### Activity
Please repeat exactly the lines from the one containing "Día sábado 01/03/2025, 1°" through the last line of the records below, leaving out any pictures.
◆ ◆ ◆ ◆ ◆ ◆ ◆
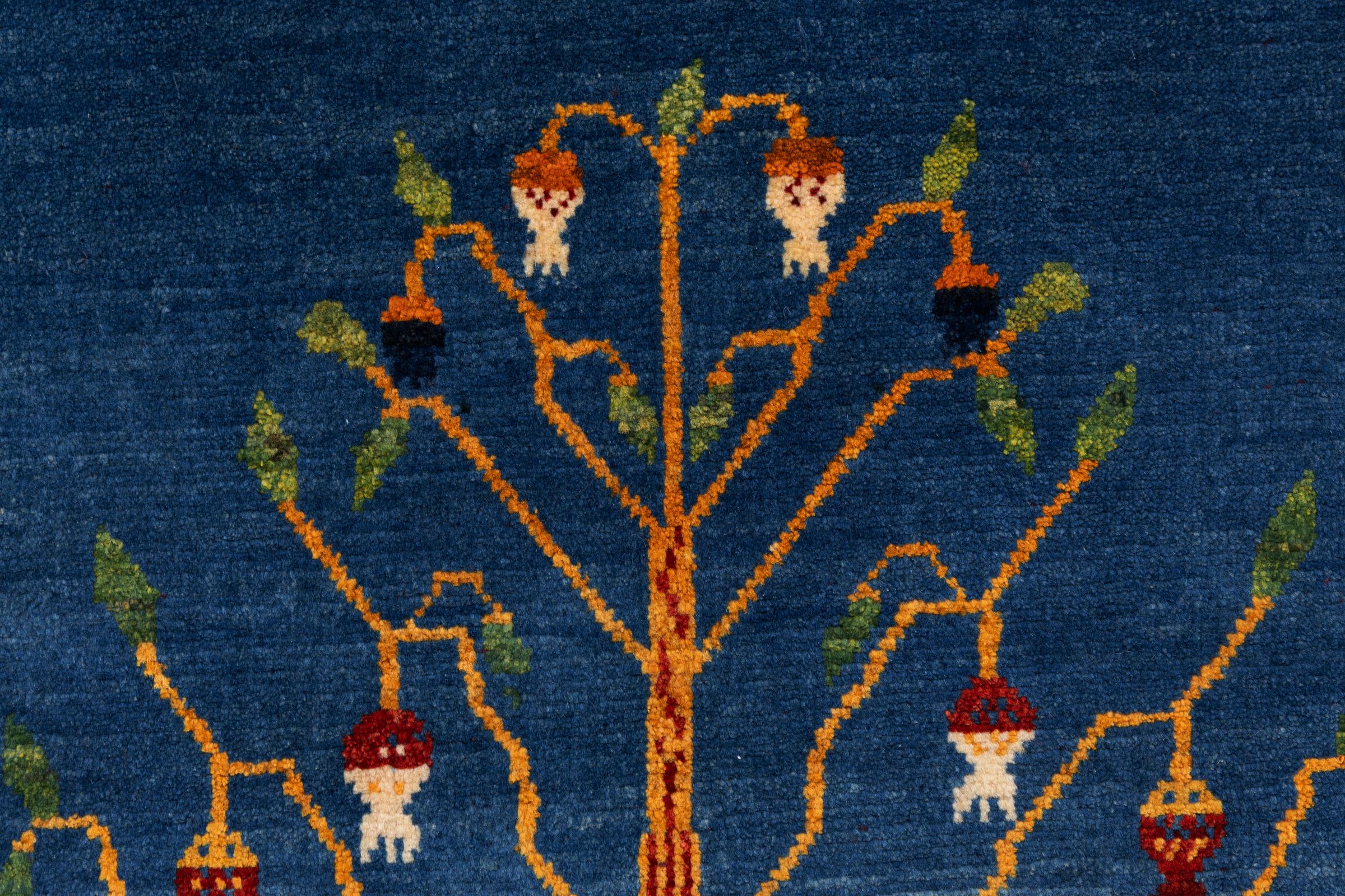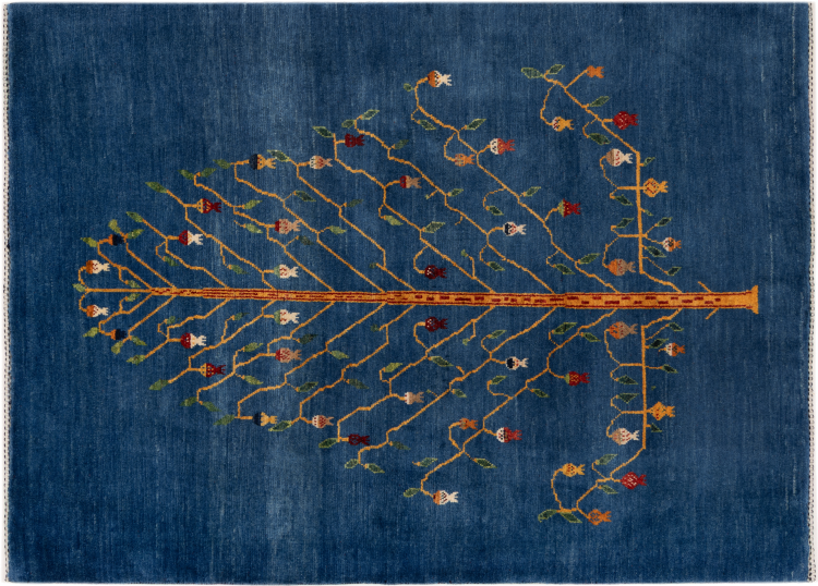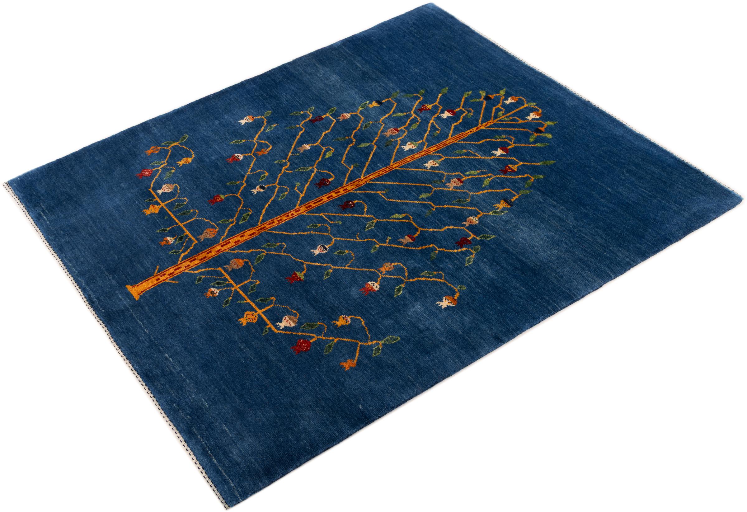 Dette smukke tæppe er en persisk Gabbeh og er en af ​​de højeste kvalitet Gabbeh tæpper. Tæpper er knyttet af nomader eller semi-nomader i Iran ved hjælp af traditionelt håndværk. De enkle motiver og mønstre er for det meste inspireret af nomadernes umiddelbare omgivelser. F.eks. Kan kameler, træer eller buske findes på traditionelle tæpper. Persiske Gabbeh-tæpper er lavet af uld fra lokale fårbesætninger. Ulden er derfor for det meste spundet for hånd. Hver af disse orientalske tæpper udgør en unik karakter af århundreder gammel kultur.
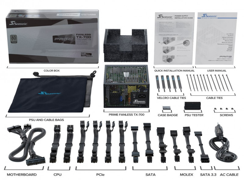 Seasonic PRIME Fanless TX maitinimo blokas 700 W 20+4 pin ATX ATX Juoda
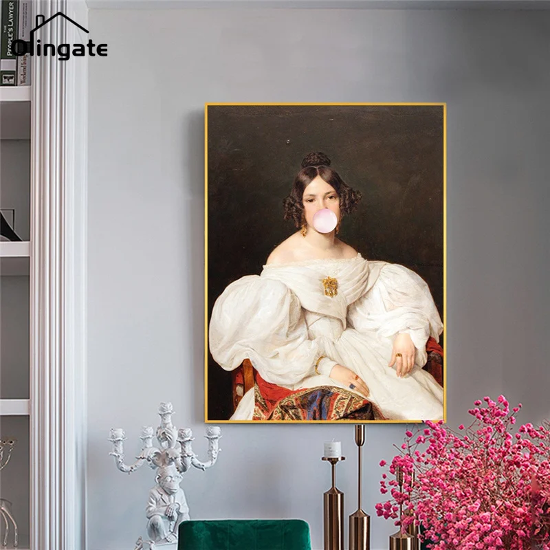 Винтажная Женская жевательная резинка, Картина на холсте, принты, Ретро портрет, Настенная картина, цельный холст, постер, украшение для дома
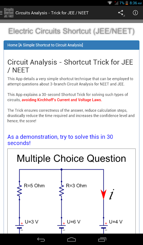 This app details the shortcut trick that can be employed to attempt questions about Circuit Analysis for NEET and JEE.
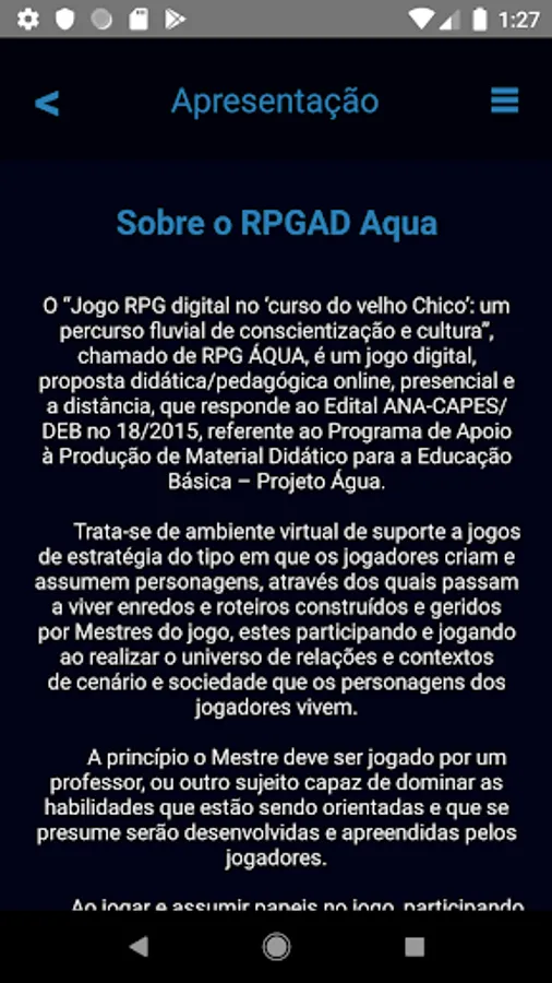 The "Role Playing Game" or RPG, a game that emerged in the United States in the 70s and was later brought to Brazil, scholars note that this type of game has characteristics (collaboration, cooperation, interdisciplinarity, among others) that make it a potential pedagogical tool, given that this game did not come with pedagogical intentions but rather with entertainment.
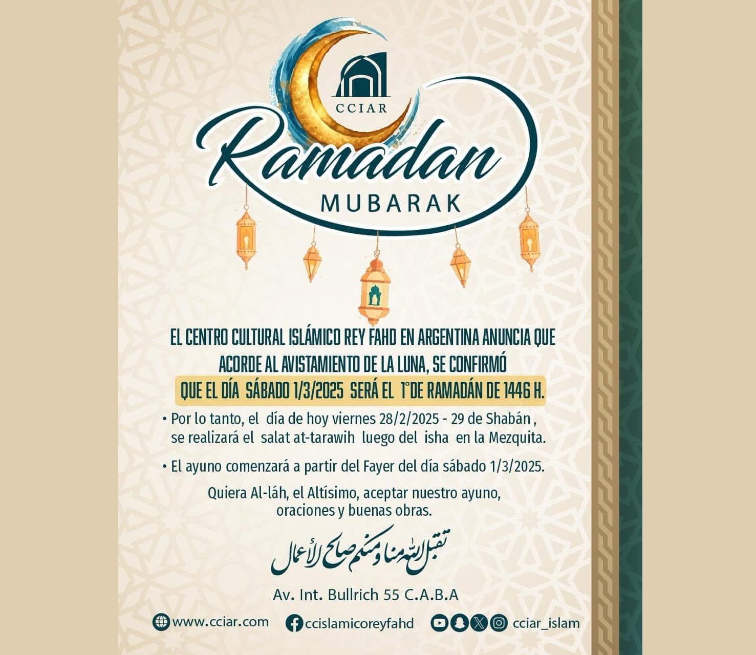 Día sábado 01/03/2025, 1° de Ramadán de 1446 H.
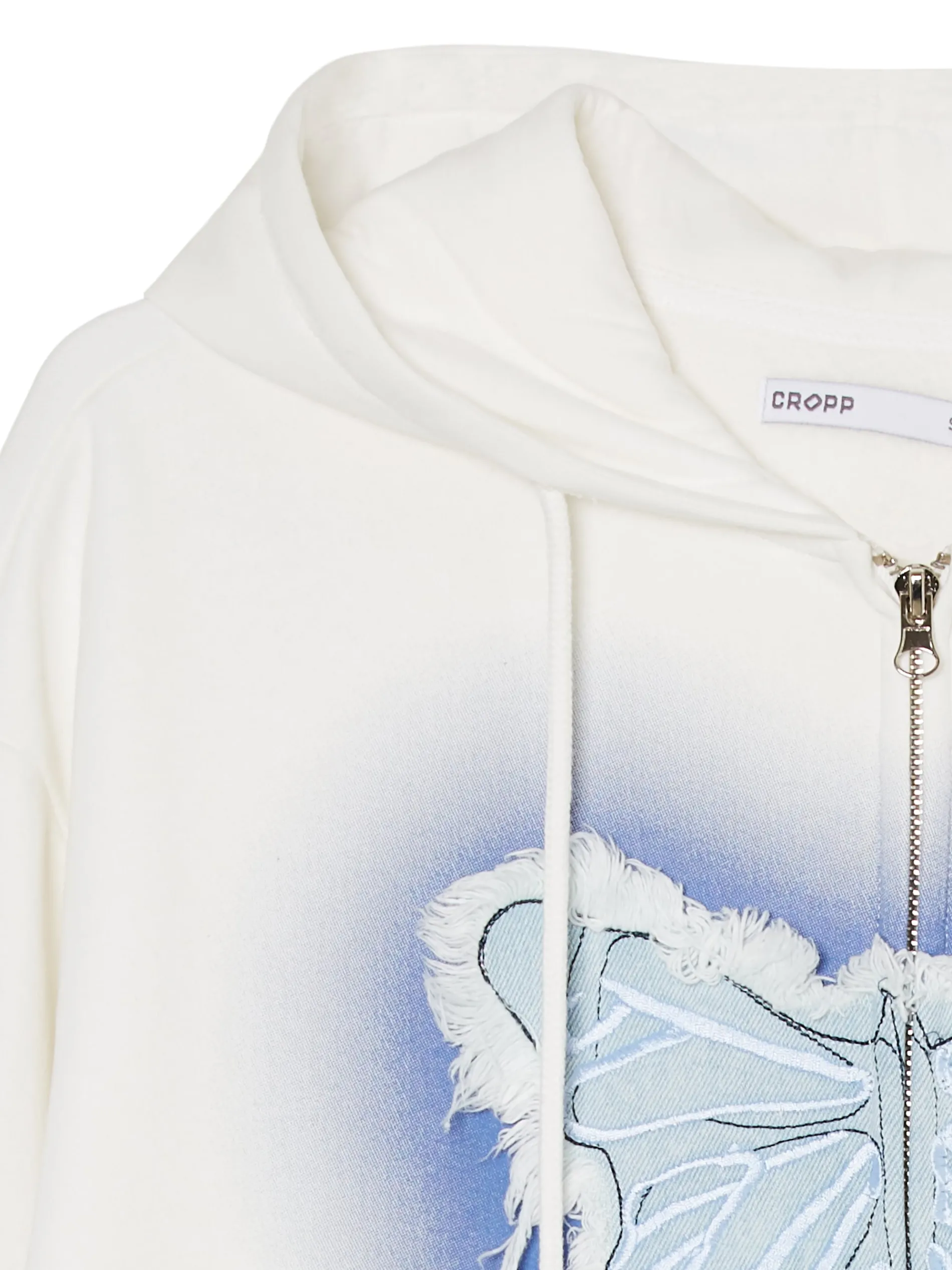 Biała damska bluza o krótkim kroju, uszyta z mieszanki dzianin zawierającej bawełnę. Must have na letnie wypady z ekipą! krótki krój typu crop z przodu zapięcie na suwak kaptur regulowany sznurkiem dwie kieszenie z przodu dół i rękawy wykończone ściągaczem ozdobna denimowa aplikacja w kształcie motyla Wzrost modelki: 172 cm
◆ ◆ ◆ ◆ ◆ ◆ ◆
### Task result
 Día sábado 01/03/2025, 1° de Ramadán de 1446 H.
 Biała damska bluza o krótkim kroju, uszyta z mieszanki dzianin zawierającej bawełnę. Must have na letnie wypady z ekipą! krótki krój typu crop z przodu zapięcie na suwak kaptur regulowany sznurkiem dwie kieszenie z przodu dół i rękawy wykończone ściągaczem ozdobna denimowa aplikacja w kształcie motyla Wzrost modelki: 172 cm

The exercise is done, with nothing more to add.